Several significant forces in the last several years have been changing the way healthcare has and will continue to be delivered. The emergence of more unique ways to deliver care such as clinics incorporated into businesses and factories, the increased use of mid-level providers (nurse practitioners & physician assistants), the increase integration of technologies such as telemedicine and robotics and the shift from interventional reimbursement to outcomes reimbursement are just a few examples.
Compounding these are the ever-increasing costs of healthcare, the strain of funding Medicare on the U.S. economy, and the complications of insurance and healthcare payments under the affordable care act, ACA.
This has led to changes in how businesses intend to interface with the IoT In healthcare system going forward. CVS’s acquisition of Aetna will try to leverage healthcare delivery through their pharmacy structure. United Healthcare’s acquisition of DaVita hopes to leverage cost containment and resource control by directly controlling physicians. And the recently announced collaboration among Berkshire Hathaway, Amazon and J.P. Morgan Chase presents a yet unknown structure whose stated goals is improved quality and less cost. How they will implement their strategy is yet to emerge.

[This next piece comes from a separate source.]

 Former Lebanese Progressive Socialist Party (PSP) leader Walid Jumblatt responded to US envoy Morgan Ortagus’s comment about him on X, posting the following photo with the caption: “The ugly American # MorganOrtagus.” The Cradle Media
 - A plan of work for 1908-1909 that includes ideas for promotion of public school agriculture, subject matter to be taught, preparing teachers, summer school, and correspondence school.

The decline in hospital admission over the last several decades has further led to restructuring by hospital corporations such as Tenet. Premise Health has emerged as a company placing physicians and other healthcare providers directly in corporate/business offices.
The big question then with these new ventures are how do organizations know what works financially and how do they track performance… In other words, how do you track, measure and value the relationships between cost and outcomes?

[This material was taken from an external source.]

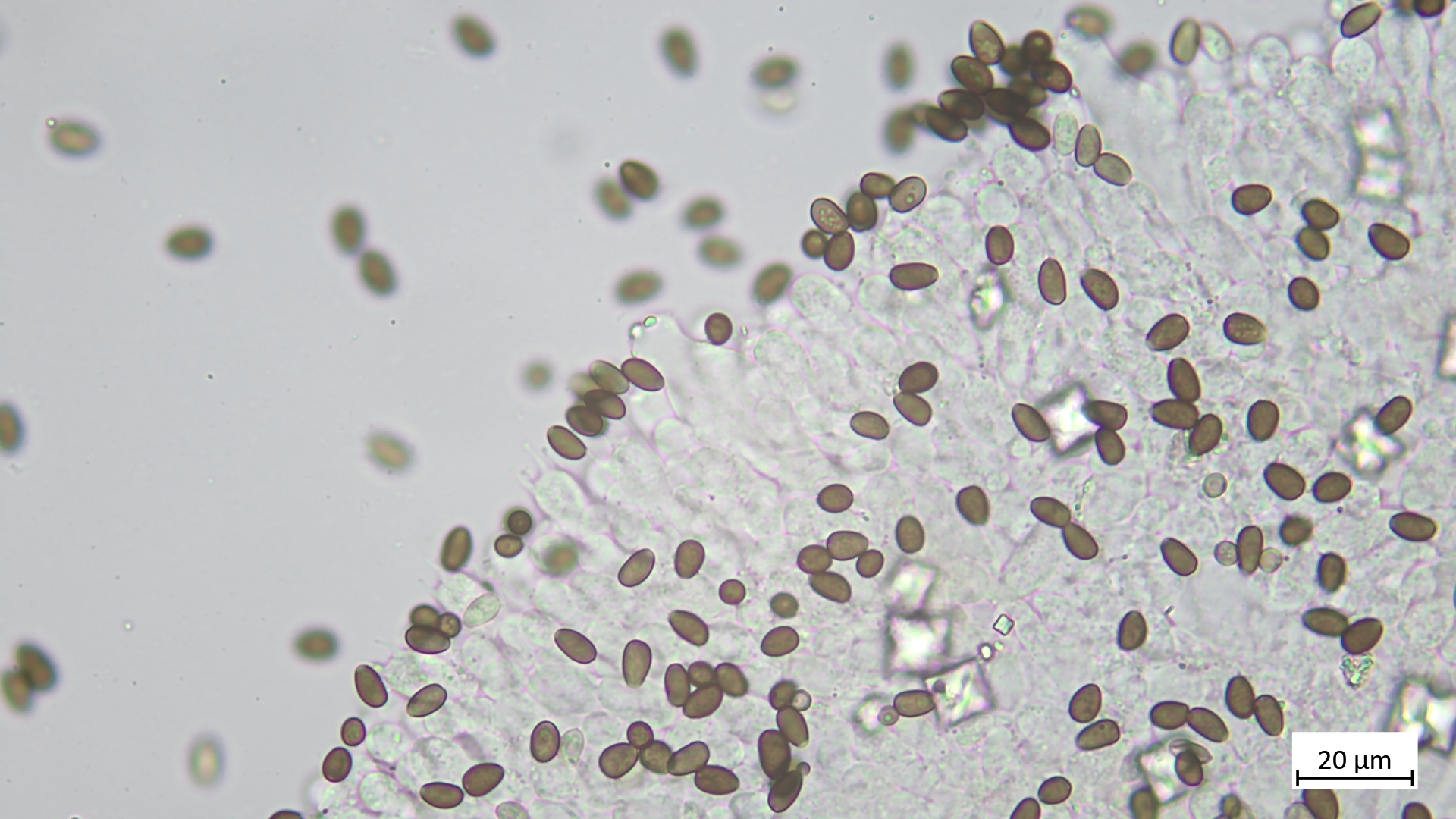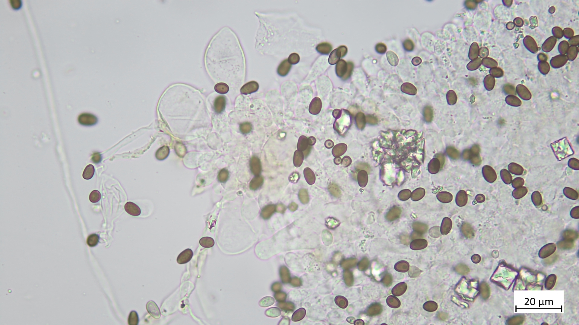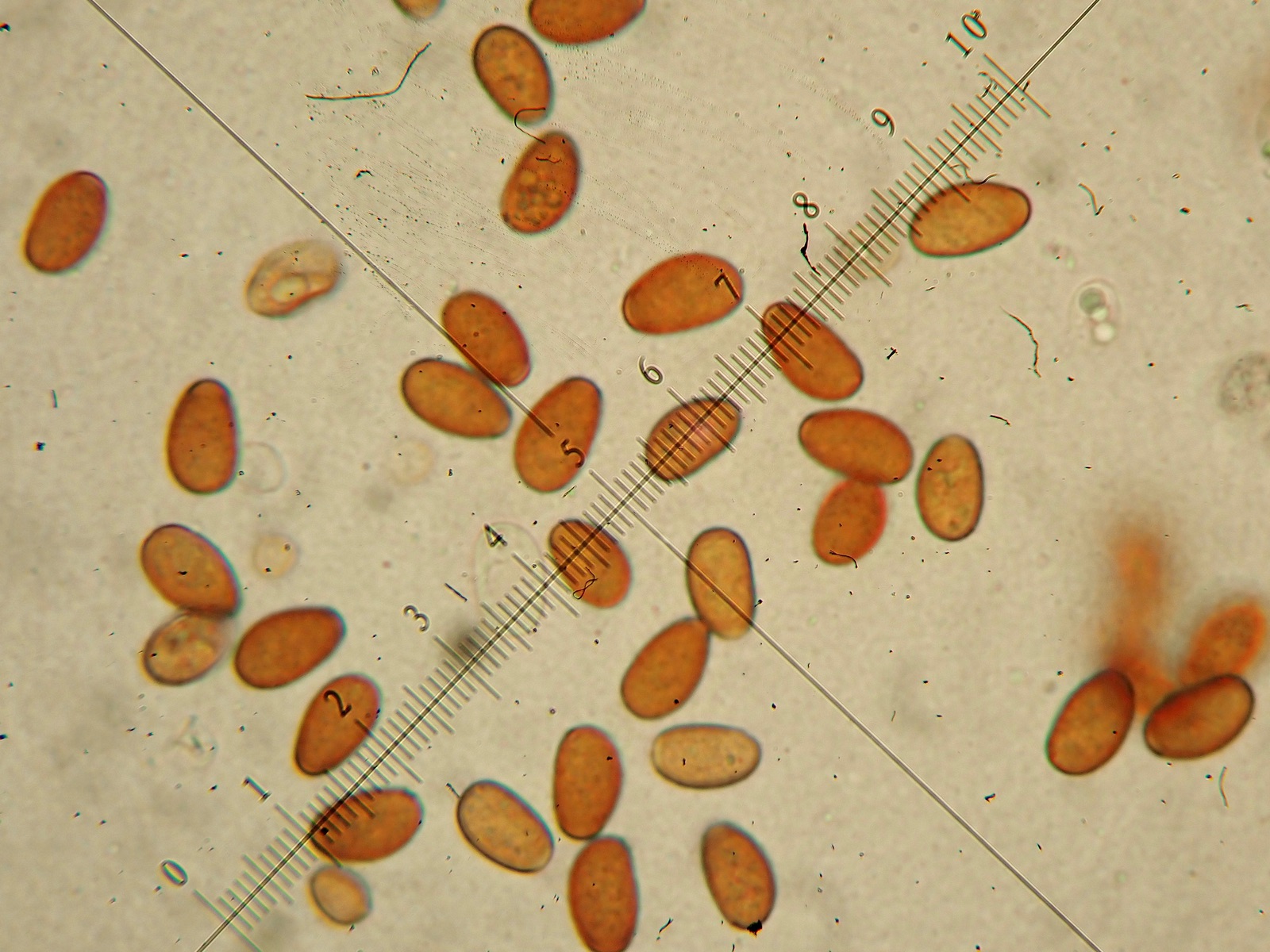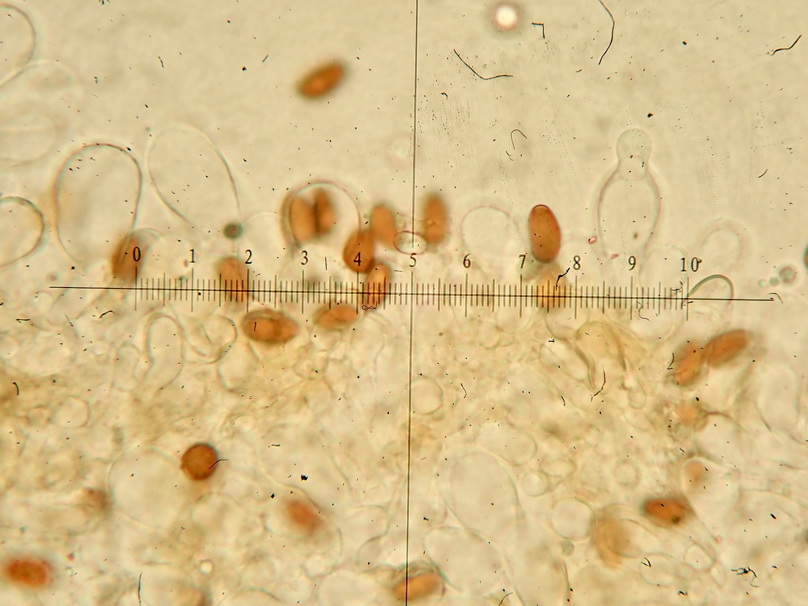 Sporen (in KOH3%) ellipsoid bis angedeutet apfelkernförmig: 7,5-8,8 µm (av. 8,2 µm, SD 0,3 µm) x 4,6-5,4 µm (av. 4,9 µm, SD 0,2 µm); Q = 1,5-1,8 (av. 1,7, SD 0,1)(n = 25)

How can the analyst measure which methods(s) may generate better or best outcomes?
A simple return on investment, ROI, calculation will not provide needed nor valid insights. However, the use of cost-effectiveness analysis (CEA) would provide quite useful, valid and actionable information. CEA uses decision tree models to compare not only cost outcomes but effectiveness outcomes of various treatments on patient health and even on future healthcare usage based on various current actions. It can further be used to determine how effective a set amount of money spent on a particular treatment or method will impact outcomes (i.e. willingness to pay calculation). CEA models are flexible and can incorporate a wide variety of scenarios. As opposed to Big Data, CEA makes use of Broad Data so that comparisons of treatment modalities can be evaluated using real life outcomes. It can compare effects on a discrete problem such as a cancer tumor, or on chronic ongoing diseases such as COPD or CHF.
As the delivery of effective yet profitable, or at least cost effective, healthcare becomes more challenging, methods for evaluating treatments and programs become more necessary if not essential. Methods must be implemented to evaluate these new treatments and programs once they are in place so adjustments can be made. CEA enable organizations to both initially evaluate and subsequently monitor new methods and programs in a meaningful way.
If your objective is to provide the best decision-making for your organization and take a global view of your business, expanding your sights beyond ROI, and educating other decision-makers, Cost Effectiveness Analysis can make your organization more competitive and more profitable.